I’ve been telling myself since moving to Los Angeles in ’83 that some day I’ll visit the site of the cropduster scene in North by Northwest. But I didn’t for the usual reasons (laziness, lack of discipline, pressed for time by work). Well, I’m doing it this morning, dammit. I drove out to Bakersfield last night, and my date with destiny happens in two or three hours after breakfast and whatnot. 12167 Corcoran Road near Wasco, about 50 minutes northwest of Bakersfield, 10 miles north of Highway 46. Major witnessings never happen unless you man up, fill the tank and drive there.
Robert Egger‘s The Witch (A24, 2.19) debuted almost a full year ago at Sundance 2015. It re-appeared last September at Toronto Film Festival. Did I catch either showing? Of course not. Renowned for being uncannily frightening, I’ll finally attend a Los Angeles screening on Monday, 1.18. It opens a month later.
“This movie [is] so scary it not only freaks you out, it makes the world around you freak you out. You don’t sleep well the night after you watch it. You definitely try to do whatever you can to avoid any long walks in the woods or chores involving farm animals. It’s a stunningly impressive debut film from Robert Eggers, who did extensive research into New England folklore, combining various accounts and stories into this movie, which plays like the ultimate 17th century witch nightmare.” — posted today by Screencrush’s Matt Singer.
In the wee hours of 3.22.76, David Bowie, Iggy Pop and two other guys were arrested at the Americana Rochester hotel for possessing “about half a pound” of weed. Bowie paid the bonds and then left for gigs in Springfield, Mass., and New Haven, Conn. He returned a few days later to plead innocent in Rochester City Court. “A crowd of about 200 police, fans and reporters looked on” as Bowie and his entourage were guided into the Public Safety Building, according to original reports in the Rochester Democrat & Chronicle. Bowie’s “biggest greeting was the screams of about a half-dozen suspected prostitutes awaiting arraignment in the rear of the corridor outside the courtroom.”

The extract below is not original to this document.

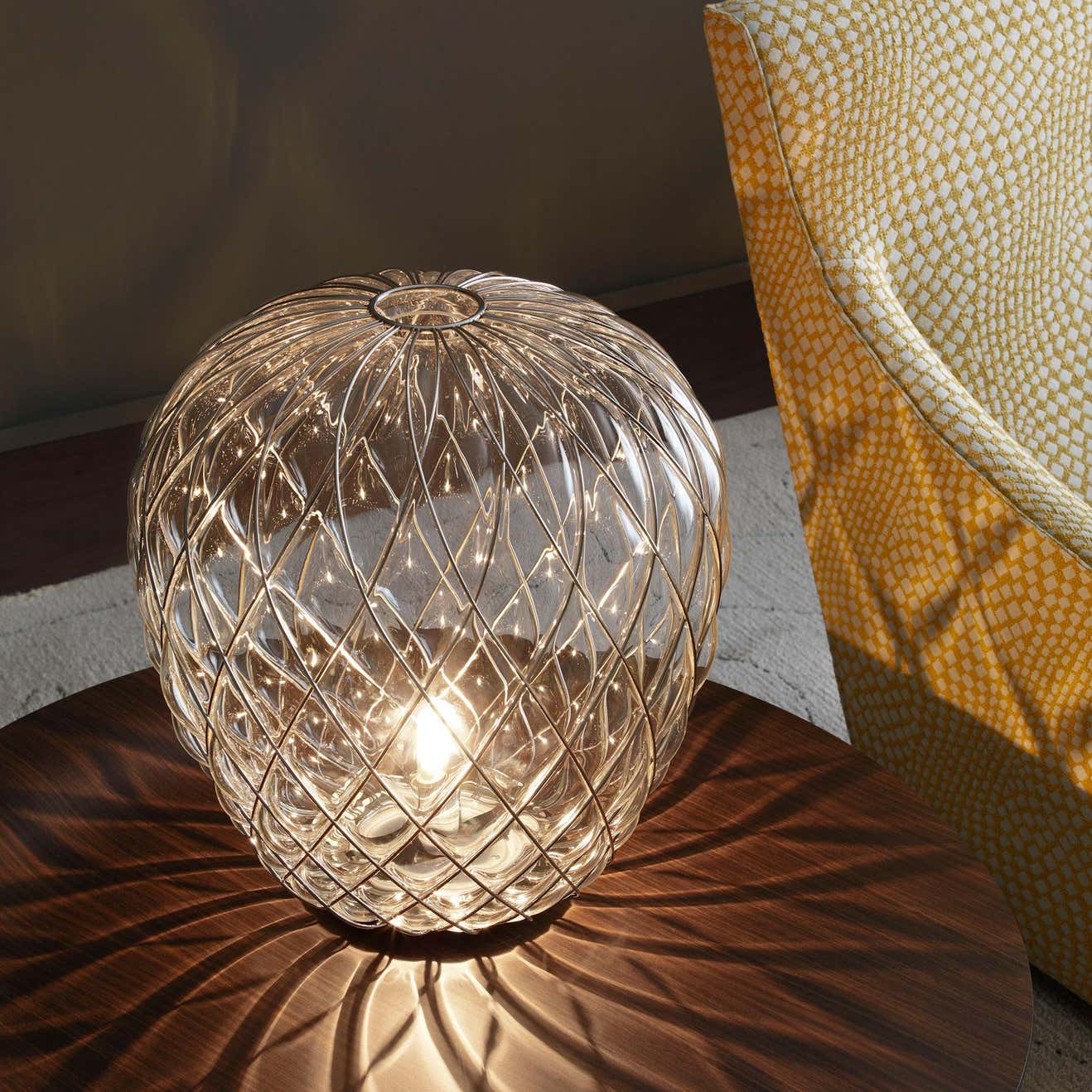 Designed by Paola Navone, the diffuser is expertly handcrafted using the ancient caged-blown glass technique. Here, the glassmaker blows the molten glass into a metal cage, which only partly contains the glass's natural expansion. The transparent version reveals a two-fold structure that multiplies the scenic effect, while the metal cage pattern projects kaleidoscopic shade effects on the surrounding surfaces. The opaline version's glass envelops the cage surface and enhances its geometric pattern, generating an elegant and visually pleasing diffuse light. A striking presence whether lit or unlit.
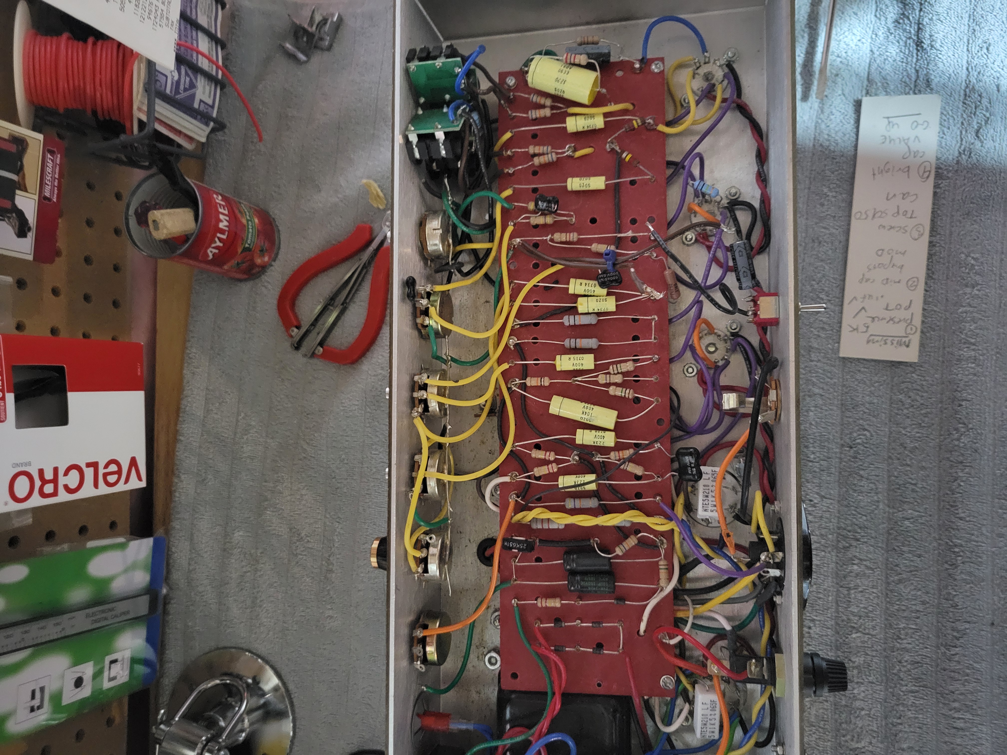 It 100% is sloppy. Looks wilder than an old Traynor and I think mine is already spaghetti. But if it fucks, it fucks! She might be sloppy but she's bringing the goods.So we agree then that it "looks" sloppy. I'm not so sure a cleaner, neater, PTP wiring job would prohibit other builders from doing the same kind of circuit experimentations.

For the last two or three years I’ve been paying Time Warner for the fastest, triple-speediest, most supersonic wifi you can get. The pitch says it can deliver speeds up to 300 mpbs (megabytes per second), but whenever I’ve done a test on speedtest.net the counter averages roughly 72 mpbs. Which is pretty fast and all, but less than a third of the speed TW is promising at the maximum. Speeds vary according to this and that variable, of course. Tonight I was told by a TW rep that the modem/router I’m using — a Motorola Surfboard # SBG6580 — can only deliver speeds up to 100 mpbs. “You’re kidding,” I said. I was told to take this puppy down to the local TW office and switch it out for an Arris Wowser # TG1672G, which can deliver speeds up to 300 mpbs. So for the last two or three years I’ve been working at slower speeds than I could have enjoyed because I was too lazy to inquire. Brilliant. My name is Jeffrey Wells but my secret name is Seymour Butz.